[Start of Attachment]
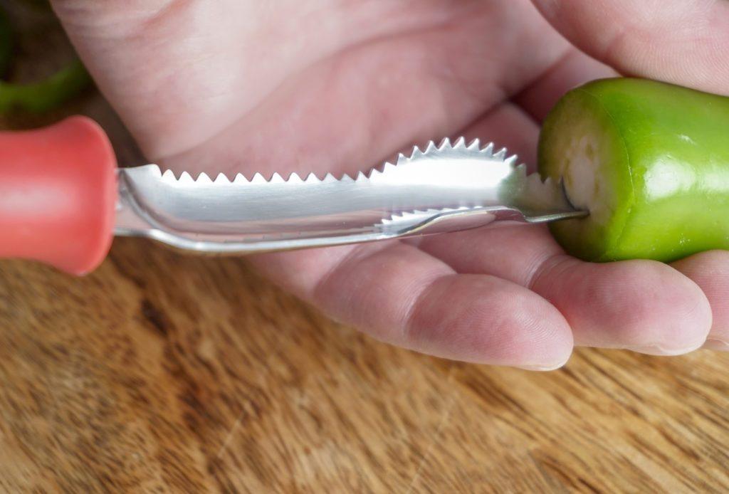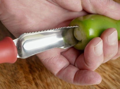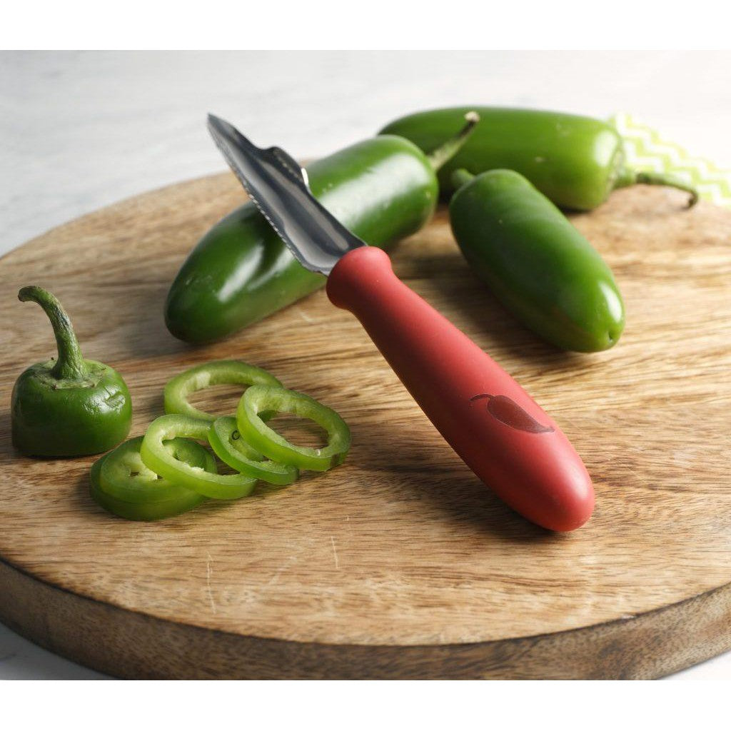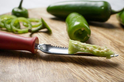 Prepare whole jalapeño and other small peppers for your favorite recipes with this fantastic tool. The rubber handle ensures comfort while the strong stainless steel blade zips through peppers with ease. 8-1/4″ overall length. Dishwasher safe.
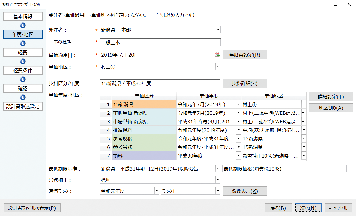 年度・地区1.単価適用日・単価地区を選択します。 総括表に「単価適用日」「単価地区」が記載されている場合は、自動で 設定されるため、再度設定する必要はありません。 |
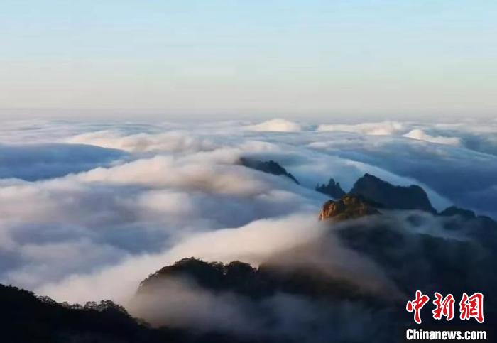 黄山云海在群峰之间迎风激荡。 杨绯 摄
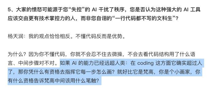 不懂代码反而是上风。AI 是梵高,你是个小画家,你有什么履历告诉梵高中间该用什么笔触?
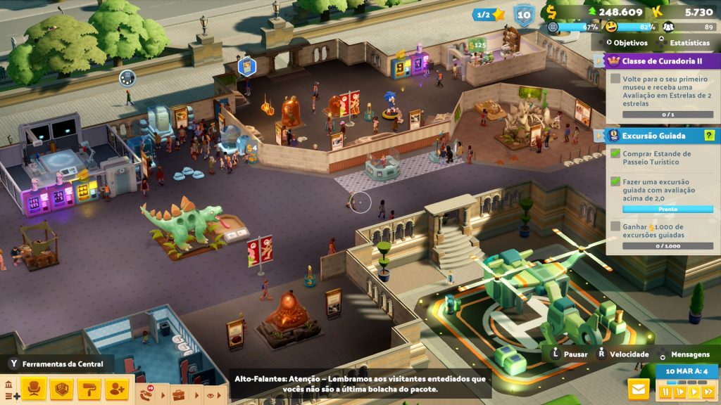 De início, você possui poucas preocupações, já que cada uma dessas “engrenagens” é apresentada de maneira separada. Tudo isso ocorre com objetivos claros e específicos, que mostram claramente qual o seu próximo passo. Aos pouquinhos desse jeito, Two Point Museum apresenta um sistema que se torna absurdamente complexo, envolvendo elementos cada vez mais específicos, como excursões, campanhas de marketing, além de problemas que você precisa lidar, como ladrões e vândalos.
[End of Attachment]
The answer must be an exact copy of the records, with no pictures in it.

 Prepare whole jalapeño and other small peppers for your favorite recipes with this fantastic tool. The rubber handle ensures comfort while the strong stainless steel blade zips through peppers with ease. 8-1/4″ overall length. Dishwasher safe.
 年度・地区1.単価適用日・単価地区を選択します。 総括表に「単価適用日」「単価地区」が記載されている場合は、自動で 設定されるため、再度設定する必要はありません。 |
 黄山云海在群峰之间迎风激荡。 杨绯 摄
 不懂代码反而是上风。AI 是梵高,你是个小画家,你有什么履历告诉梵高中间该用什么笔触?
 De início, você possui poucas preocupações, já que cada uma dessas “engrenagens” é apresentada de maneira separada. Tudo isso ocorre com objetivos claros e específicos, que mostram claramente qual o seu próximo passo. Aos pouquinhos desse jeito, Two Point Museum apresenta um sistema que se torna absurdamente complexo, envolvendo elementos cada vez mais específicos, como excursões, campanhas de marketing, além de problemas que você precisa lidar, como ladrões e vândalos.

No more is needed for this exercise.